The Obama administration Tuesday announced a plan to speed up development of wind energy by searching the Atlantic Coast for the most desirable places to build windmills rather than wait for developers to propose sites that could hurt the environment or sit in the middle of a shipping lane.
Under a new initiative called Smart From the Start, the Department of the Interior will identify sites in the Atlantic Outer Continental Shelf with “high wind potential,” Interior Secretary Ken Salazar said. Officials said it currently takes up to nine years for an offshore project to get approval to build.
Salazar said the policy change is the result of “a lesson learned” from the grueling fight to place wind turbines in Massachusetts’ scenic Nantucket Sound. Opponents have delayed construction of the Cape Wind development even though the government gave it a go-ahead in April.
Interior’s new approach will avoid such delays by eliminating “a redundant step in the leasing process,” Salazar said, regulating sites before developers select them. Leases could be granted as early as 2011.
Speeding up development “will get us to the point that the president’s vision” of creating renewable energy on a wide scale “will become a reality,” Salazar said. Only 2 percent of the energy in the United States is produced by wind.
The announcement at Fort McHenry in Baltimore was greeted with applause by Gov. Martin O’Malley and Rep. John Sarbanes of Maryland, and Sens. Thomas R. Carper and Christopher Coons of Delaware, all Democrats who stand with the Obama administration on wind energy.
“The hoops we have to jump through take way too long,” O’Malley said. He said Maryland is part of a 10-state consortium, including New Jersey and Delaware, that support wind power. “We need to work together as Democrats and Republicans to shorten this process.”
Carper said the fight for independence from foreign oil is as important as the fight to maintain our independence from the British that took place nearly two centuries ago at Fort McHenry.
“We need a renewed fight of a different kind today, a fight to be independent of oil . . . fossil fuel and jobs,” Carper said. “We also need to make sure as we deploy those windmills . . . that they’re not made in China or Taiwan or some place in Europe. We want to make sure they’re built here in America.”
Audra Parker, president and chief executive of the Alliance to Protect Nantucket Sound, was not impressed.
“We have basically been promoting the notion of zoning the ocean from the start to streamline permitting,” she said. “If the Department of the Interior is recognizing that there were issues, it’s not too late to correct the Cape Wind mistake.”

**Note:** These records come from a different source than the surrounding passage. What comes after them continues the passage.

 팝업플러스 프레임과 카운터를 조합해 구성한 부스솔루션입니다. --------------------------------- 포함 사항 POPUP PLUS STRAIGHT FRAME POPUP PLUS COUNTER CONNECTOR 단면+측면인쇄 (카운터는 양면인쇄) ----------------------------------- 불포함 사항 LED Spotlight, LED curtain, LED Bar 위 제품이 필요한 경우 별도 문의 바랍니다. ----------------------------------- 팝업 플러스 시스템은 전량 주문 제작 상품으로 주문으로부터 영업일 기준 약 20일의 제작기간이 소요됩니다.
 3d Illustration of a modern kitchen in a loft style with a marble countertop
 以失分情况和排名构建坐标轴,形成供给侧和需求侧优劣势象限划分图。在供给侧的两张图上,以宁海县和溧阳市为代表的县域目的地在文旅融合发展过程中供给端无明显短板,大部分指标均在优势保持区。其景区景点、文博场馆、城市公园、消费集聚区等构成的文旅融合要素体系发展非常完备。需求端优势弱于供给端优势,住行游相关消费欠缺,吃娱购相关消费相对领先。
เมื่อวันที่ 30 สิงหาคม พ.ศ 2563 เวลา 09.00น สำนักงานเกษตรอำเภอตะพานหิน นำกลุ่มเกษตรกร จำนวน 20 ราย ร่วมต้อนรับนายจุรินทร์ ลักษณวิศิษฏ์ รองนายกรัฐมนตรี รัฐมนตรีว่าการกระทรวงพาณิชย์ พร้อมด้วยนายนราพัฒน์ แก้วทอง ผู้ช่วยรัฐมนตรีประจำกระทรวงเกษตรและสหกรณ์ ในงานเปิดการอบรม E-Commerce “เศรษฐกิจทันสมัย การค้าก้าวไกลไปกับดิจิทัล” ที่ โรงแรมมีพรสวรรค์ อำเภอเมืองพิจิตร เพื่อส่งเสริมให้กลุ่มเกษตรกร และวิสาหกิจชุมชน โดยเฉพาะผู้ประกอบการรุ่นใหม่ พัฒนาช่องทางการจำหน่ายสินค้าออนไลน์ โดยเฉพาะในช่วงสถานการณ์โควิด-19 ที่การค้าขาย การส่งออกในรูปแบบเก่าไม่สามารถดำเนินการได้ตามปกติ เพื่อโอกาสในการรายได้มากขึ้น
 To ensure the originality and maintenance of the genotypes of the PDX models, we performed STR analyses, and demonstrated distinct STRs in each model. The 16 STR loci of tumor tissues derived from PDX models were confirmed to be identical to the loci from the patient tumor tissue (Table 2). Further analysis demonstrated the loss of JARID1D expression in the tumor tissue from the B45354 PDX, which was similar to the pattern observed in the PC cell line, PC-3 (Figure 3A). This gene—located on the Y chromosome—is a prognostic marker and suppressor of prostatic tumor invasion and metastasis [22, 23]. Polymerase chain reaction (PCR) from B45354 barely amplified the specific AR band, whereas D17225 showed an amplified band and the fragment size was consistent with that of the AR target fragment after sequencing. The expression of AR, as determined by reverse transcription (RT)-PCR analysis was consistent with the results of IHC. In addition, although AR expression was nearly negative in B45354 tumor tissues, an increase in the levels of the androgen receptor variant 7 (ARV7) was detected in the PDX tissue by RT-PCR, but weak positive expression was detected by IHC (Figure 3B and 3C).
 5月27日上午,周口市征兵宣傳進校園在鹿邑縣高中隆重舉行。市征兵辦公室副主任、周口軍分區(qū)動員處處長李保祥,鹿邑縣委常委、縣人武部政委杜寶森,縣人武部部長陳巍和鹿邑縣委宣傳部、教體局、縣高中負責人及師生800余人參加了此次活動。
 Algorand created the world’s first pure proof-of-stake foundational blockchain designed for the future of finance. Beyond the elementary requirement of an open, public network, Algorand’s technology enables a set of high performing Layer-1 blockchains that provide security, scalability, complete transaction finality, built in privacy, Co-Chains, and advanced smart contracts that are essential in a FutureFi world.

Parker said Cape Wind’s development will desecrate sacred tribal waters and have a negative impact on fisheries. In the long fight against development, “We’ve raised issues that weren’t on the table,” Parker said. “Like radar interference to air traffic control navigation.”
Nick Loris, a research associate in energy and environment at the conservative Heritage Foundation, said that while the new initiative sounds good, it will still face challenges.
“Wherever you go there will be hurdles to jump over,” Loris said. Wind energy development will hurt scenic landscapes and drive up utility costs, he said. “It would take 59 Cape Wind projects to be equivalent to one offshore natural gas project. You’re talking about a lot of projects up the coast.”
However, he said, “Having a smart permitting process can be beneficial for all energy projects . . . that have been tied up in unnecessary regulation and litigation.”
The Sierra Club praised Salazar’s announcement, saying “development of offshore wind energy will help move our nation off of the dirty fuels like oil and coal” that damage human health and natural resources.